For even the most reclusive, the holiday season can involve a fearsome round of dinner parties and festivities. And whenever appropriate, you may want to show up with a bottle of wine in hand. Champagne is easy -- and always welcome. But if you want to bring a moderately priced bottle, say under $25, here are some suggestions that any wine lover should appreciate.
2010 Arnaldo-Caprai Montefalco Rosso (Umbria, Italy)

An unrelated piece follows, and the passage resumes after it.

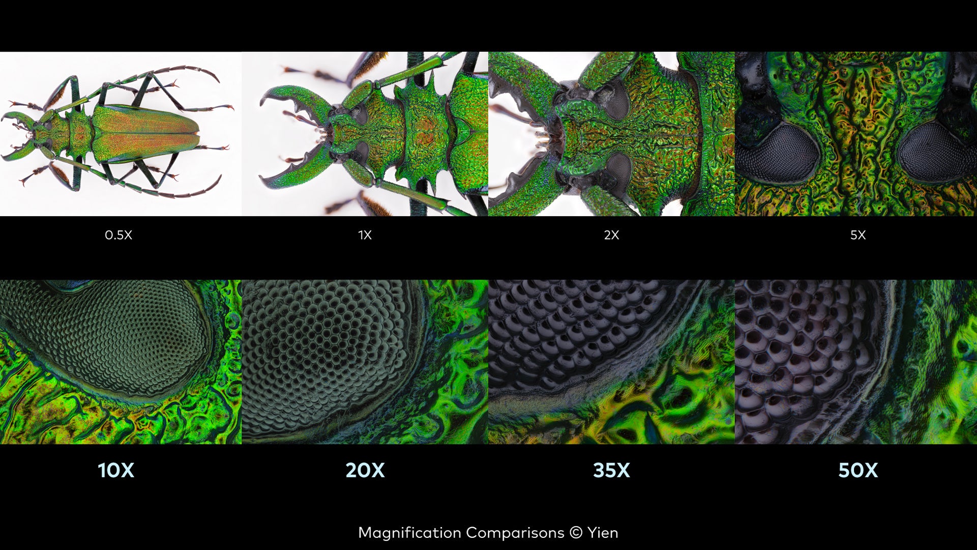 目に見えない美しさを捉えるために10倍、20倍、35倍、50倍と倍率を切り替えることができます。レンズ本体は、カメラに取り付ける切り替え可能な倍率チューブと前面の対物レンズの2つの部分で構成されます。固定用のセットを前面側レンズに取り付けることで、カメラ側の倍率チューブを簡単に切り替えることができます。

I’ve always loved this Sangiovese blend, with a touch of Sagrantino and Merlot from the Umbrian hilltop town of Montefalco. And Arnaldo-Caprai has always made one of the best. 2010 is no exception, a full-bodied red with notes of cherries and cassis, a fine perfume and gentle tannins. Great with a roast duck or goose, or a prime rib. From $15 to $25.
2013 Venica Pinot Grigio ‘Jesera’ Collio (Friuli-Venezia Giulia, Italy)
This Pinot Grigio from the Italian border with Slovenia is much more than an easy-drinking summer wine. "Jesera," from the venerable Venica estate is a serious, even fleshy wine with notes of pear, apricot and quince, and a long lovely finish. About $18 to $20.
2012 Varner Foxglove Chardonnay (California Central Coast)
Lean and crisp, with bright citrus notes and a fine balance, the unoaked 2012 Varner Foxglove Chardonnay is a natural with food. It’s also an outstanding value for the price. From $11 to $15.
2012 Julien Sunier Régnié (Beaujolais, France)
This Régnié from Dijon native (and avid surfer) Julien Sunier is a revelation. A gentler expression of Gamay, the cru Beaujolais is floral and delicately spicy and yet complex enough that you find something new in every sip. Sunier’s Morgon and Fleurie crus, like the Régnié, made from densely planted old vines farmed biodynamically, are also worth seeking out. About $24.
2012 Pio Cesare Barbera d’Alba (Piedmont, Italy)
Full and deep in flavor, with notes of plum, spice and chocolate, this Barbera from one of Piedmont’s oldest wineries shows elegance and balance. Vivid and food-friendly, the wine is aged in a combination of large oak casks and for the last few months, smaller French oak barrels. About $20.
2013 M.A.N. Family Wines 'Free Run Steen' Chenin Blanc (Agter-Paal, Coastal Region, South Africa)
The new vintage of this crisp, clean Chenin Blanc from South Africa’s M.A.N. Family Wines is here. Made from free-run juice of Chenin Blanc, aged on its lees for several months, it has a lovely floral perfume and a bit of that honeyed quality Chenin gets on the finish. From $8 to $13.
2012 Enkidu 'E' Old Vine Field Blend (Sonoma, Calif.)
This old vine field blend is 60% Zinfandel, 24% Carignane, and 8% each Alicante Bouschet and Petite Sirah, a proportion that reflects the way vines were planted in the three different vineyards that go into this appealing rustic blend. With its flavors of dark berries and wild herbs, "E" recalls village wines of the southern Rhone. From $18 to $22.
2012 Mohua Pinot Noir Central Otago (Central Otago, New Zealand)
This Pinot Noir from New Zealand’s Central Otago estate Mohua is delicate and light on its feet, a bargain at under $20. Its bright berry flavors tempered with herbal notes, the 2012 Mohua Pinot Noir makes for delicious drinking. From $17 to $19.
2013 Alta Maria Vineyards Carbonic Santa Maria Valley Pinot Noir (California Central Coast)
Alta Maria Vineyards makes mostly very serious and seriously delicious Pinot Noirs. This one, though, is lighthearted and fun. Made by fermenting whole clusters the way they do it in Beaujolais, the Carbonic Santa Maria Valley Pinot Noir delights with its bright fruit and unabashed charm. About $22.
2005 LAN Rioja Gran Reserva (Rioja, Spain)
Hard to believe, but the 2005 is the latest release of the LAN Rioja Gran Reserva. Mostly Tempranillo with just 10% each of Mazuelo and Garnacha, the 2005 still tastes youthful. Such a pretty wine with notes of cherry, spice and earth -- and a pleasant rasp of tannin. About $19.
2012 Chapoutier Côtes du Roussillon Bila-Haut Blanc (Languedoc-Roussillon, France)
This blend of Grenache Blanc, Macabeu and Grenache Gris from Roussillon in southern France shows a great deal of class. Made by the respected Rhone house Chapoutier, the Bila-Haut Blanc is bright and refreshing with a touch of grapefruit in the nose and an appealing minerality. The rouge is pretty good, too. About $13.